The soggy, sub-trend pace for Australian economic growth continues to take its toll on the labour market.

The unemployment rate was 6.4 per cent in January, a 12 and a half year high and it locked in 8 straight months of unemployment at 6 per cent or more. The last time this happened was in 2003 and that was when the unemployment rate was on the way down from levels at 8 and 9 per cent.

Employment fell 12,200 in January, which meant the employment to population ratio fell to 60.7 per cent, to remain near the low for the current cycle.

With the labour market so soft, it is little wonder consumer demand is muddling along, sentiment is erring on the side of pessimism and wages growth remains at a record low. The missing ingredient for employment is economic growth. Anything below 3.25 per cent for real GDP growth means that unemployment will be skewed up and no forecasters ,including the RBA and Treasury, have a forecast that has real GDP above that pace in any reasonable forecast horizon. Certainly not 2015 and probably not 2016.

The bottom line is that the pace of economic growth is simply too weak to make meaning and lasting inroads into the unemployment problem. With fiscal policy in a state of flux with the budget still three months away and the policy signals from the government confused at best, the heavy lifting in the near term is clearly on the shoulders of the RBA.

A further few interest rate cuts are needed with the March Board meeting set to deliver what will be the tenth rate cut in this protracted monetary policy easing cycle which began in November 2011. My guess is that the cash rate will need to be set at 1.5 per cent or so to guard against an extended period of economic weakness and to prevent the unemployment rate from rising above 7 per cent.

The budget in May will be hugely important.
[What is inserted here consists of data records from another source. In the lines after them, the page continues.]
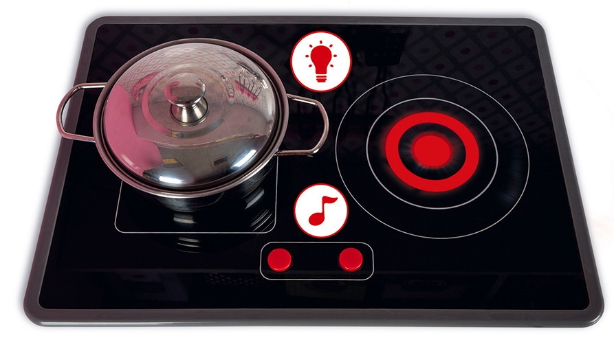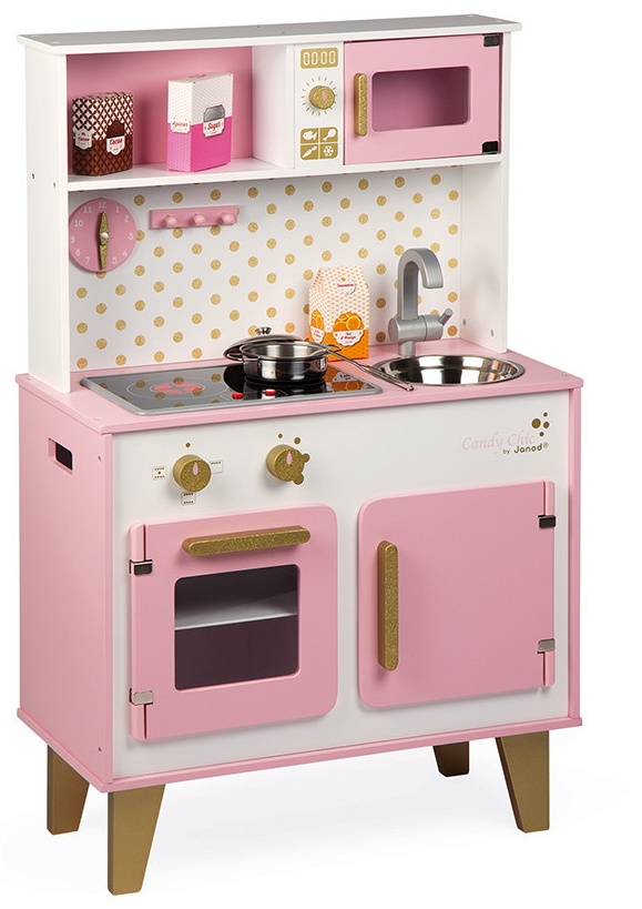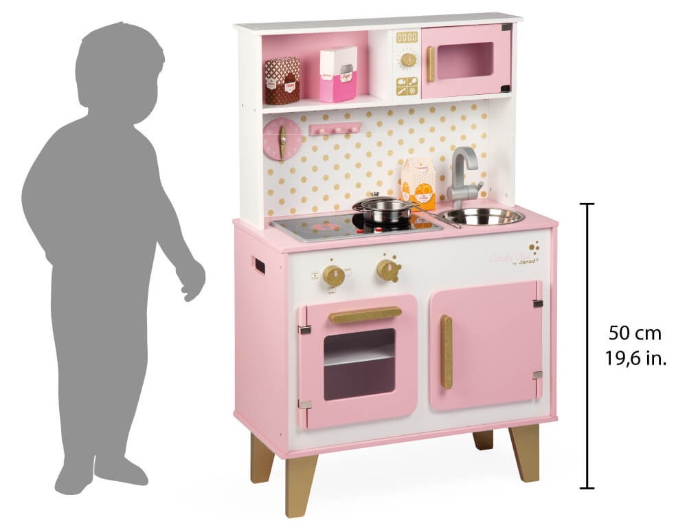 Готовить всегда одно удовольствие, поэтому Джанод предлагает вам открыть для себя большую плиту Candy Chic Big Cooker в сладких цветах конфет и сахарной ваты! Эта розово-золотая деревянная плита отправит детей в возрасте от 3 лет в страну сладких и нежных вкусов. Она прекрасно оборудована, и малыши смогут представить себя на настоящей кухне благодаря многочисленным аксессуарам: крюку для подвешивания металлического половника, металлической кастрюле с крышкой и трем картонным коробкам из-под продуктов (апельсиновый сок, какао, сахар). Вам понравится светодиодная звуковая индукционная плита! Просто нажмите красные кнопки один раз и горелки загорятся, затем второй раз, чтобы услышать звук кипящей воды. Звук и выключается автоматически через 30 секунд или при третьем нажатии красных кнопок. А чтобы превратить вас в настоящего маленького шеф-повара, вы не можете не оценить духовой шкаф с 3 вращающимися ручками со звуковыми эффектами, микроволновую печь, шкаф для хранения принадлежностей, раковину из нержавеющей стали и часы для поддержания порядка! Эта красивая плита Candy Chic идеально подходит для приготовления любимых блюд ваших детей! Высота столешницы: 50 см (19,7 дюйма).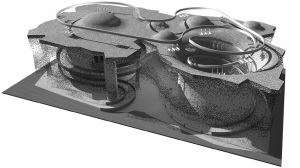 瑞士館的外圍是巨大的帷幕,參觀者可以從帷幕的任何一處進入館內一層的城市區。帷幕的每一部分都能獨立產生和儲存能量,並以LED燈的形式將其利用。帷幕可以與展館周圍的能量,如太陽能或者照相機閃光燈產生的光能發生反應,從而發出閃光。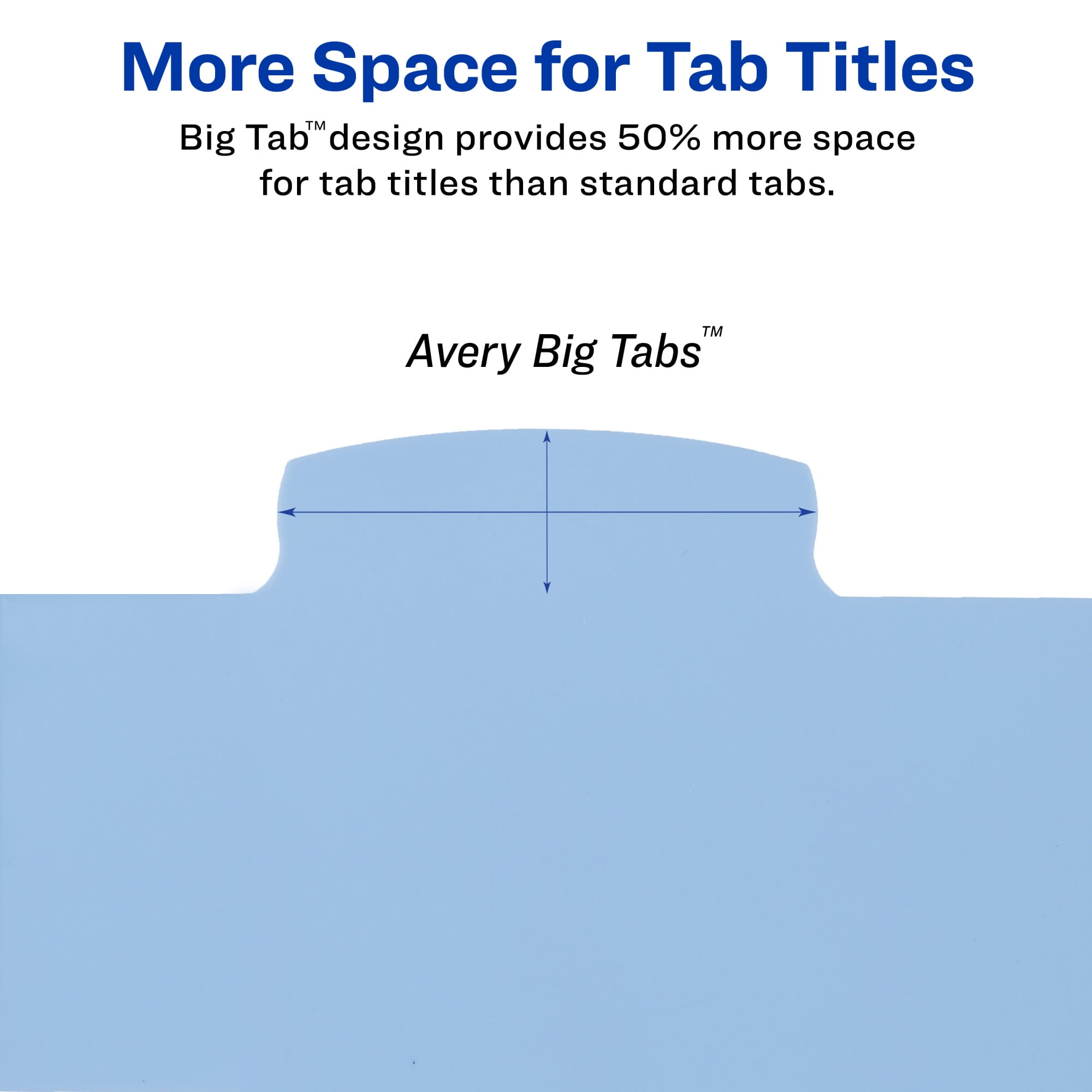 - Stylishly shaped Big Tab Dividers are larger, providing 50% more writing space than standard tabs

Will the government stick with its blinkered strategy of erring towards fiscal tightening or will it view the weak economy, rising unemployment and problematic global outlook as reasons to embrace the policy lesson from the previous government and Treasurer Wayne Swan and work to stimulate growth through a relaxation of fiscal settings?

As Treasurer, Wayne Swan knew when good economic policy overrode any political issue associated with a quest for budget surplus. There are tens of thousands of people with a job now thanks to that policy pragmatism of Mr Swan who would have lost out if the objective of a Budget surplus had been blindly pursued.

Let’s see if Mr Hockey can follow this lead from Mr Swan and do something either now or in the budget to kick start growth and reverse the ever increasing unemployment rate.